= Try it =
Taking the line with "Moncler Sneakers joggesko" as the first and the line with "室果は長楕円形で長さ1.1~1.5cm。 分布は屋久島以南、沖縄県は本島北部と石垣島。開花期は9~10月。 2021.9.29" as the last, set down the lines below exactly, pictures excluded.

= Given records =
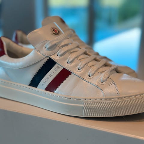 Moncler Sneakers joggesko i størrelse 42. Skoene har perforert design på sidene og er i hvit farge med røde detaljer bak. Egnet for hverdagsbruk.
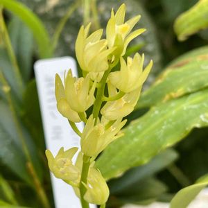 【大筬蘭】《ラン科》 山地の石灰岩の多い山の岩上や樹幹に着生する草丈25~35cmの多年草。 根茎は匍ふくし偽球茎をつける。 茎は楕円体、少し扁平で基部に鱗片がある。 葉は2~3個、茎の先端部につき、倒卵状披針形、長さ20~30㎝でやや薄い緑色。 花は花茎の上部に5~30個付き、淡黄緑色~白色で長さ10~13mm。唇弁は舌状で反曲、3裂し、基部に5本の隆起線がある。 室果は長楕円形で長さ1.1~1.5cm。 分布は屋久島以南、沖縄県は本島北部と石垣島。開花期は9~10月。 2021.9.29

* * *

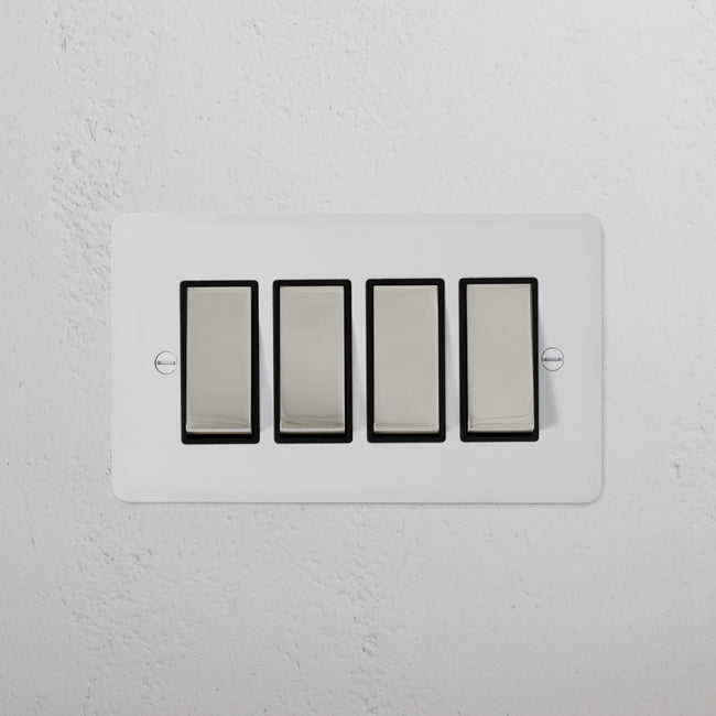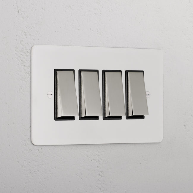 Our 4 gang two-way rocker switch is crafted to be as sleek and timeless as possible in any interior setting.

--

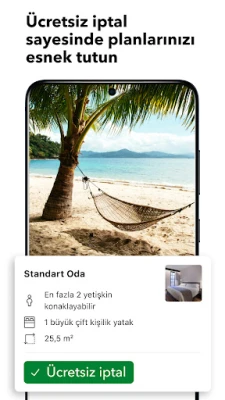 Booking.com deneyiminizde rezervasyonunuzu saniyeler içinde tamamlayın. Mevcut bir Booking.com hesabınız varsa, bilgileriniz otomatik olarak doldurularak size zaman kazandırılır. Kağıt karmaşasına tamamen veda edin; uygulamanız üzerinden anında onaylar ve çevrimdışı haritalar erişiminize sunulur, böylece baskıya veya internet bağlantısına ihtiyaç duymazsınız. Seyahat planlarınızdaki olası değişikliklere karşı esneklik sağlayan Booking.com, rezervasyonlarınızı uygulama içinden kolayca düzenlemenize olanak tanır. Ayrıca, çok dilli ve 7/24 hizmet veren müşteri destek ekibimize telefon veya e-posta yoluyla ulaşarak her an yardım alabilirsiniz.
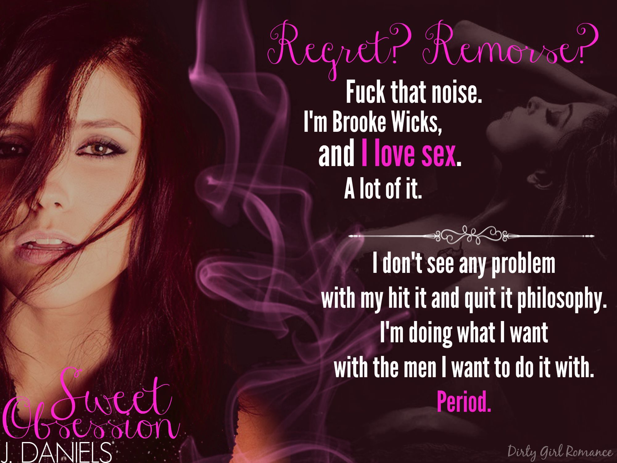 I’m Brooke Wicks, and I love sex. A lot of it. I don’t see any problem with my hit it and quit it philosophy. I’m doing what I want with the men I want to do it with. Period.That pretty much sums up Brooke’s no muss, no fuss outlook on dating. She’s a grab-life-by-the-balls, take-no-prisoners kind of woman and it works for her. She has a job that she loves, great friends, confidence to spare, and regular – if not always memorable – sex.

= Solution below =
 Moncler Sneakers joggesko i størrelse 42. Skoene har perforert design på sidene og er i hvit farge med røde detaljer bak. Egnet for hverdagsbruk.
 【大筬蘭】《ラン科》 山地の石灰岩の多い山の岩上や樹幹に着生する草丈25~35cmの多年草。 根茎は匍ふくし偽球茎をつける。 茎は楕円体、少し扁平で基部に鱗片がある。 葉は2~3個、茎の先端部につき、倒卵状披針形、長さ20~30㎝でやや薄い緑色。 花は花茎の上部に5~30個付き、淡黄緑色~白色で長さ10~13mm。唇弁は舌状で反曲、3裂し、基部に5本の隆起線がある。 室果は長楕円形で長さ1.1~1.5cm。 分布は屋久島以南、沖縄県は本島北部と石垣島。開花期は9~10月。 2021.9.29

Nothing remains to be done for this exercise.